━━━ RECORDS SUPPLIED

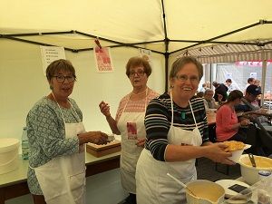 Traditionsgemäß backt die KAB Rhede zur Kirmes Waffeln. Freitag, Samstag, Sonntag übernehmen andere Gruppen die Arbeit, am Montag ist der Männerchor an der Reihe. Zwei Schichten zu je drei Stunden sind zu besetzen mit einer durchaus ungewohnten Aufgabe, zumindest für viele Männer. Deswegen sind sie auch froh, wenn ihre Frauen sich an der Arbeit beteiligen. Britta und Herbert Veith übernahmen die erste Schicht zusammen mit Hildegard und Werner Kobensen und Elisabeth und Ludger Nienhaus. Im Keller des Vereinshauses wird der Teig hergestellt, nach genau vorgeschriebenem Rezept, damit die Qualität auch immer gleich ist. Drei Damen backen und verkaufen die gezuckerten Waffeln, zwei Männer kochen den Kaffee und spülen das Geschirr. Alle „Arbeiter“ waren der Meinung, die Nachfrage sei doch sehr gut gewesen, sie hatten kaum Zeit zum Ausruhen. Nach der Schicht konnten sie sich dann ein wenig setzen und bei einer Waffel und einer Tasse Kaffee mit Bekannten plaudern, natürlich über Angelegenheiten des Chores. Denn die Ablösung war schon an der Arbeit, Roswitha und Johannes Gierkink, Annegret und Ludger Grunden, Elisabeth und Adalbert Schilling-Frenk. Wie viel sie umgesetzt hatten, wusste keiner so genau, aber einige Euro kommen schon der Chorkasse zugute.
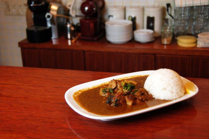 食事メニューの担当はご主人の正徳さん。7種類のカレーと海南チキンライスがありますが、はじめての人におすすめなのはミックスカレー。自慢のチキンと定番の野菜カレー、両方のよさを味わうことができます。 こだわりのチキンは、手羽元をマリネのように特製のソースに浸し、ホロホロにほぐれるような絶妙の火加減で焦げ色をつけた香ばしい逸品です。柔らかいナンコツの食感もたまりません。 カレーのルウは12~13種のスパイスと、季節の野菜を巧みに生かしたオリジナル。野菜の旬に合わせて材料がかわるので、常連さんでも驚くほど、短いスパンで味の変化が楽しめます。今回はなんと、手作りの切干大根がアクセントに入っていました。 さりげなく添えられたレモンを絞ると、その酸味で味わいの調和も高まります。季節によっては、カボスやスダチなどの柑橘類を使うこともあるそうです。
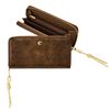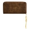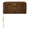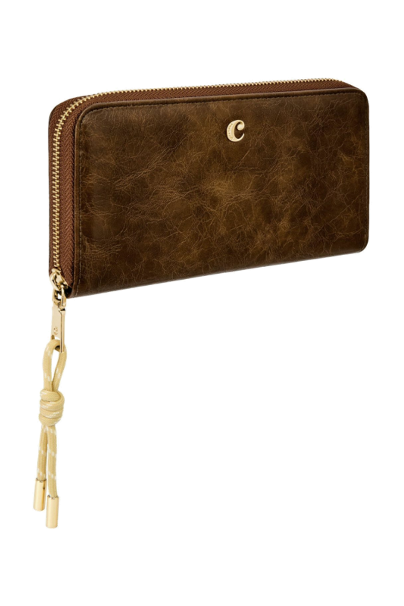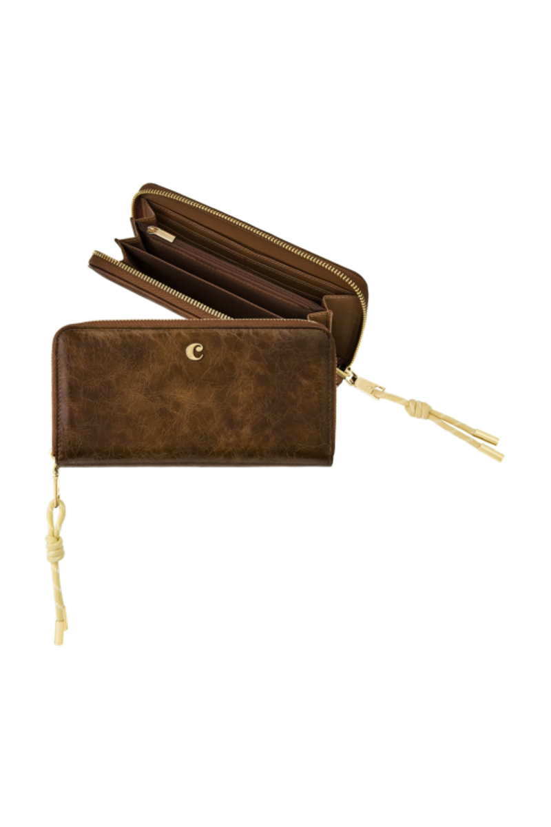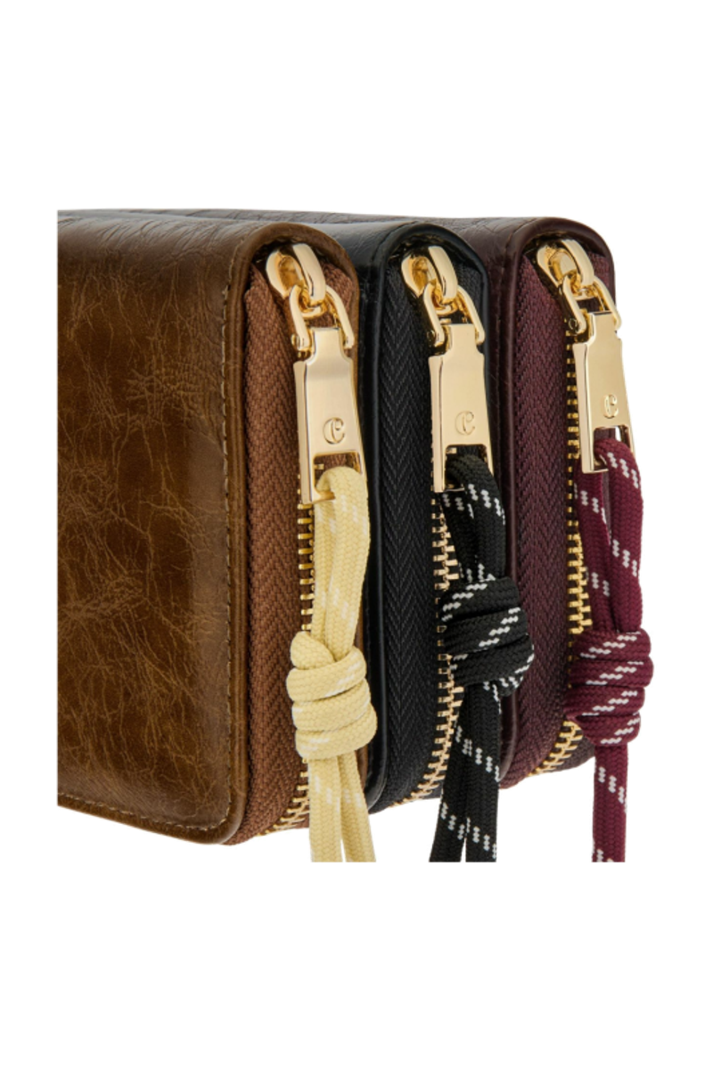 The Philomene zipped wallet combines elegance with a strong fashion-forward edge. Crafted from a glazed, crinkled leather-like texture, it is signed with the signature Cacharel C plate and highlighted by refined gold trims. Its distinctive zipper puller features a utility-inspired cord element that contrasts beautifully with the wallet’s chic and sophisticated finish. Inside its zipped interior, the wallet offers generous organization with a large zipped coin compartment, twelve card slots, and two note compartments, ensuring both style and practicality. Available in a chic palette of black, camel, and burgundy.
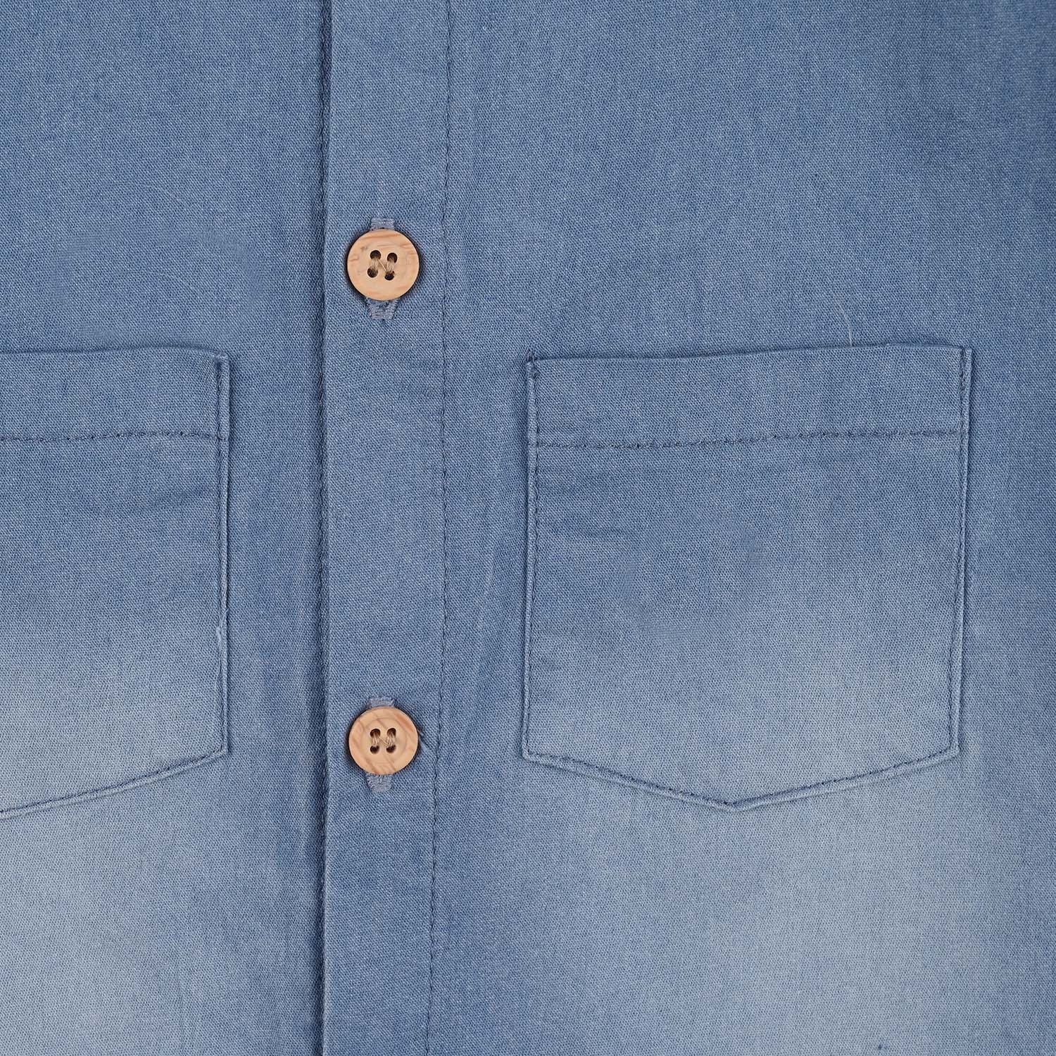 Infant boys' blue denim romper featuring a collar, front opening, pockets, and pumpkin embellishment, perfect for a stylish and comfortable everyday look.
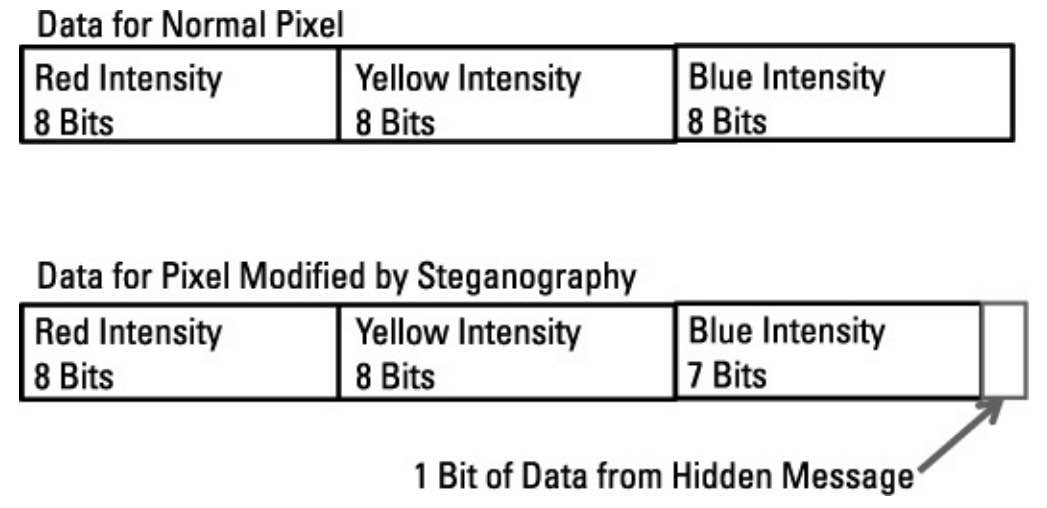 首先,它使我们能够在敌人不知情的情况下,将重要信息从点\(A\)传送到点\(B\)。另一种方式是将恶意软件嵌入看似无害的消息或图像中以发动网络攻击。若隐写术未被检测到,目标敌人甚至不会知道正在遭受网络攻击。
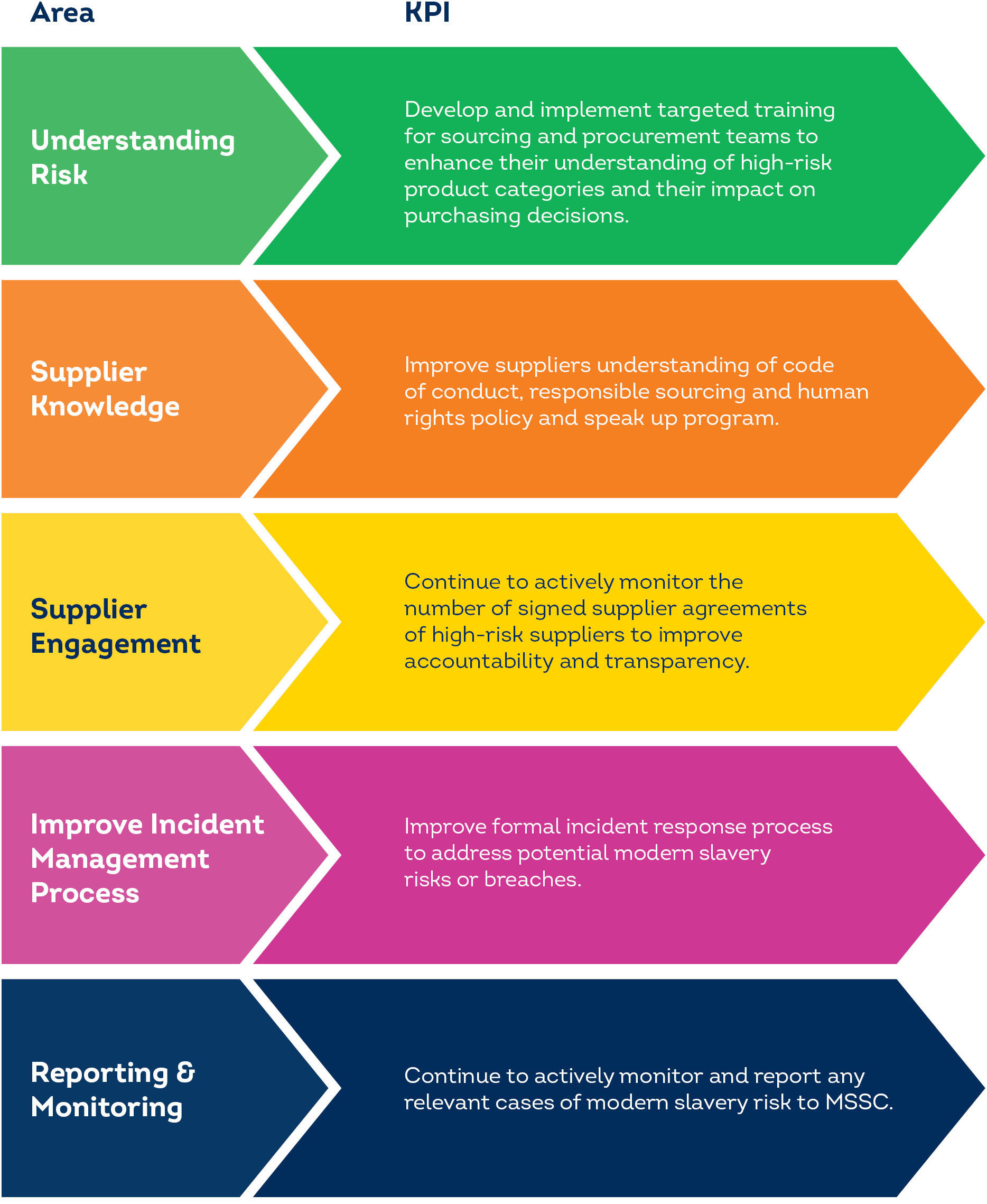 Objective: To strengthen the identification, escalation and management of potential modern slavery risks by improving transparency and visibility of labour practices across higher risk areas of the supply chain.

━━━━━━

**WHAT IS NEEDED**.
Repeat only the lines from the one holding "Infant boys' blue" through the last line of the data, inclusive. Keep the pictures out.

**ANSWER TO THE EXERCISE**.
 Infant boys' blue denim romper featuring a collar, front opening, pockets, and pumpkin embellishment, perfect for a stylish and comfortable everyday look.
 首先,它使我们能够在敌人不知情的情况下,将重要信息从点\(A\)传送到点\(B\)。另一种方式是将恶意软件嵌入看似无害的消息或图像中以发动网络攻击。若隐写术未被检测到,目标敌人甚至不会知道正在遭受网络攻击。
 Objective: To strengthen the identification, escalation and management of potential modern slavery risks by improving transparency and visibility of labour practices across higher risk areas of the supply chain.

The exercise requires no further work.